Claims 2-10: Variations and Specific Applications

Subsequent claims build upon Claim 1 by specifying particular aspects of the process or defining related compounds.

Claim 2: Solvent Specificity. This claim narrows the scope of Claim 1 by specifying the use of a halogenated hydrocarbon solvent for the epoxidation step. Dichloromethane (CH₂Cl₂) is explicitly mentioned.
Claim 3: Epoxidizing Agent Specificity. This claim focuses on the epoxidizing agent, identifying meta-chloroperoxybenzoic acid (m-CPBA) as the agent used in the epoxidation step.
Claim 4: Lewis Acid Specificity. This claim details the Lewis acid used in the ring-opening step, specifying boron trifluoride etherate (BF₃·OEt₂).
Claim 5: Solvents for Ring Opening. This claim defines suitable solvents for the ring-opening and dehydration steps. Examples include solvents such as tetrahydrofuran (THF) or mixtures of THF and water.
Claim 6: Intermediate Compound. This claim recites the specific epoxide intermediate formed in the initial epoxidation step. This intermediate is defined by its chemical structure and stereochemistry.
Claim 7: Diol Intermediate. This claim recites the specific vicinal diol intermediate formed after the ring-opening of the epoxide. This intermediate is also defined by its chemical structure and stereochemistry.
Claim 8: Specific Steroid Product. This claim explicitly names 16α-methylprednisolone as a product that can be prepared by the claimed method. This is a key therapeutic compound.
Claim 9: Related Steroid Product. This claim recites another specific corticosteroid derivative prepared by the method, providing its chemical name or structure.
Claim 10: Preparative Method. This claim broadly recites the method of preparing a steroid of a defined formula (which encompasses the compounds mentioned in previous claims) using the steps outlined.

What is the Technical Significance of the Patented Process?

The patent describes a synthetic route designed to overcome limitations in existing methods for producing potent anti-inflammatory steroids. The focus is on improving efficiency and stereochemical control.

Stereochemical Control: The epoxidation and subsequent acid-catalyzed opening of the epoxide ring allow for precise control over the stereochemistry of the hydroxyl groups introduced at the C-16 and C-17 positions of the steroid nucleus. This precise control is critical for biological activity.
Improved Yield and Purity: By avoiding less selective reaction pathways, the described method aims to increase the overall yield of the desired corticosteroid and reduce the formation of unwanted byproducts, thus simplifying purification.
Cost-Effectiveness: While not explicitly stated as a primary goal in the claims themselves, more efficient synthetic routes generally translate to lower manufacturing costs. The specific reagents and conditions are chosen for their availability and efficacy in industrial-scale synthesis.

What is the Patent Landscape for 16α-Methylprednisolone Synthesis?

The patent landscape surrounding the synthesis of 16α-methylprednisolone is complex, involving multiple generations of synthetic improvements and related corticosteroid compounds. U.S. Patent 5,962,501 represents one specific advancement in this lineage.

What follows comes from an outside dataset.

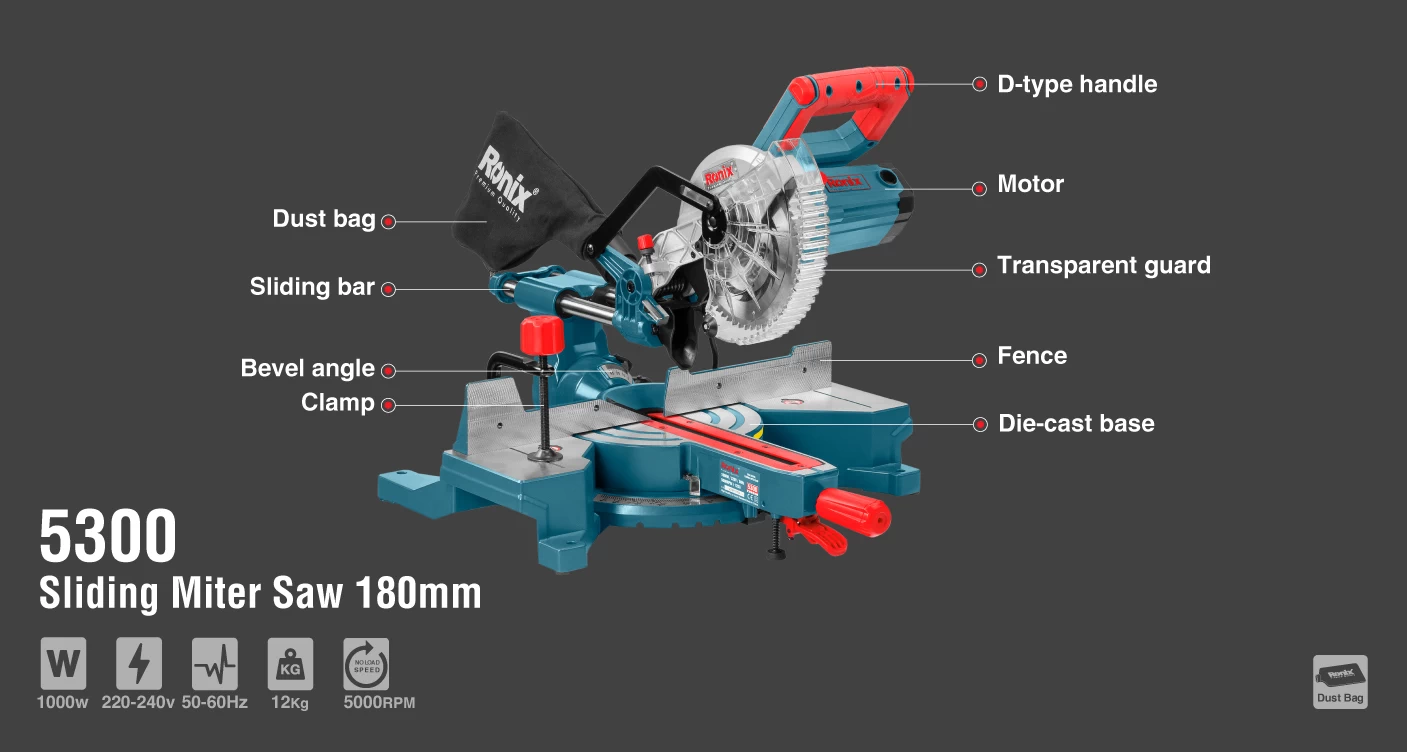 فارسیبرهای کشویی رونیکس از معتبرترین و باکیفیتترین ابزارهای قدرتمند برش در نجاری و صنعت چوب هستند. توان تولیدی موتور قدرتمند فارسیبر کشویی 5300 رونیکس، 1000 وات واقعی است که با توجه به قطر تیغه، توان مناسبی است. سرعت گردش در حالت آزاد نیز بالغ بر 5000 دور بر دقیقه است که صرف چرخاندن تیغهی برش 180میلیمتری این ابزار میشود. قابلیت تنظیم زاویه در دو محور امکانپذیر است: محور کفی از دو سمت تا °47 و محور بازویی از یک سمت تا °45.

Key Competitors and Innovators

Historically, companies heavily invested in corticosteroid development have held patents in this area. These include:

American Home Products Corporation (now Pfizer): The assignee of U.S. Patent 5,962,501, indicating their significant interest and R&D in this synthetic pathway.
Merck & Co.: A major player in steroid synthesis with numerous patents covering various corticosteroid compounds and their manufacturing processes.
Schering-Plough (now Merck): Another significant innovator in the corticosteroid field.
Upjohn (now part of Pfizer): Historically strong in steroid research and manufacturing.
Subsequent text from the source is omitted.